Data listing:
=-=-=

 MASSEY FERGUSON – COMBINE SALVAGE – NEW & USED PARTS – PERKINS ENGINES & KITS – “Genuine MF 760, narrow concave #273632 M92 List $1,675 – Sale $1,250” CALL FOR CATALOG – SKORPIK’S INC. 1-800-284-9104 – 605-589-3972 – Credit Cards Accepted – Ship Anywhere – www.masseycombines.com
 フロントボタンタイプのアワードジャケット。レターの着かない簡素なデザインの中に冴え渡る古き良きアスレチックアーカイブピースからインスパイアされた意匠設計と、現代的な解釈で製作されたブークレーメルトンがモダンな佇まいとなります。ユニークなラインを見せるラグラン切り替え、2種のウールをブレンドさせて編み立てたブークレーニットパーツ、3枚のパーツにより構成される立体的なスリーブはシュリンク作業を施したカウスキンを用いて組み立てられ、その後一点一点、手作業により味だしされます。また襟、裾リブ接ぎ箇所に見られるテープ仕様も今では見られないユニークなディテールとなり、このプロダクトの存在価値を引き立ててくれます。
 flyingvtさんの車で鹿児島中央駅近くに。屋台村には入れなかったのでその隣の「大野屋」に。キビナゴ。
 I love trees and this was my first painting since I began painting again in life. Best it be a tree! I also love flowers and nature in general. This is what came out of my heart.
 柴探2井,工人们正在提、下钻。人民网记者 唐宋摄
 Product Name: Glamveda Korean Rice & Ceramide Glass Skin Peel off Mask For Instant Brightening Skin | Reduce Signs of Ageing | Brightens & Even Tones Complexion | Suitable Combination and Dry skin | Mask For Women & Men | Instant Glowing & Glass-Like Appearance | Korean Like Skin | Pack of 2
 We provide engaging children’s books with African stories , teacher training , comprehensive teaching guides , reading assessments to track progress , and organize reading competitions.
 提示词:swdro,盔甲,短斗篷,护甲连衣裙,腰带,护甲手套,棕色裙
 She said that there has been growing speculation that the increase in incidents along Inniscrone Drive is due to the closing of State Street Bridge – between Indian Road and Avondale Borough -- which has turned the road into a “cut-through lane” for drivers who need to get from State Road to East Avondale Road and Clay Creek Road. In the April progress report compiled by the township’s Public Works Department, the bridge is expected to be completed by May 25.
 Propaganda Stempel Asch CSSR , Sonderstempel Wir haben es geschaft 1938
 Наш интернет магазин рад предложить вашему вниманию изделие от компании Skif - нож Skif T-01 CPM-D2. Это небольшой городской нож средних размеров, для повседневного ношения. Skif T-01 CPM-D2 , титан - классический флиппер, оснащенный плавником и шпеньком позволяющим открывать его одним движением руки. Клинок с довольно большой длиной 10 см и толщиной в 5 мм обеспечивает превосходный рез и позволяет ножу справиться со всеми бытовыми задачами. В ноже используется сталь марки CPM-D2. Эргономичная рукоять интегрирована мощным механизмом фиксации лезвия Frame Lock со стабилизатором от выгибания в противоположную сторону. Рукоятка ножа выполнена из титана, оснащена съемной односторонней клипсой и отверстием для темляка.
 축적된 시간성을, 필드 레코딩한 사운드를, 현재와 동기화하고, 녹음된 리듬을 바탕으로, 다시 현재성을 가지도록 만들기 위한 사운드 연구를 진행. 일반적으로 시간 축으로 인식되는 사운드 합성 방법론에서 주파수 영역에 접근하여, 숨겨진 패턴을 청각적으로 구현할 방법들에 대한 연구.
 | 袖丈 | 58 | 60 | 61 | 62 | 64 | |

=-=-=

Among the entries above, the lines between the ones containing "フロントボタンタイプのアワー" and "柴探2井,工人们正在提、下钻。人民网记者 唐宋摄", inclusive, are to be transcribed exactly. No other line is to be given.

The completed task:
 フロントボタンタイプのアワードジャケット。レターの着かない簡素なデザインの中に冴え渡る古き良きアスレチックアーカイブピースからインスパイアされた意匠設計と、現代的な解釈で製作されたブークレーメルトンがモダンな佇まいとなります。ユニークなラインを見せるラグラン切り替え、2種のウールをブレンドさせて編み立てたブークレーニットパーツ、3枚のパーツにより構成される立体的なスリーブはシュリンク作業を施したカウスキンを用いて組み立てられ、その後一点一点、手作業により味だしされます。また襟、裾リブ接ぎ箇所に見られるテープ仕様も今では見られないユニークなディテールとなり、このプロダクトの存在価値を引き立ててくれます。
 flyingvtさんの車で鹿児島中央駅近くに。屋台村には入れなかったのでその隣の「大野屋」に。キビナゴ。
 I love trees and this was my first painting since I began painting again in life. Best it be a tree! I also love flowers and nature in general. This is what came out of my heart.
 柴探2井,工人们正在提、下钻。人民网记者 唐宋摄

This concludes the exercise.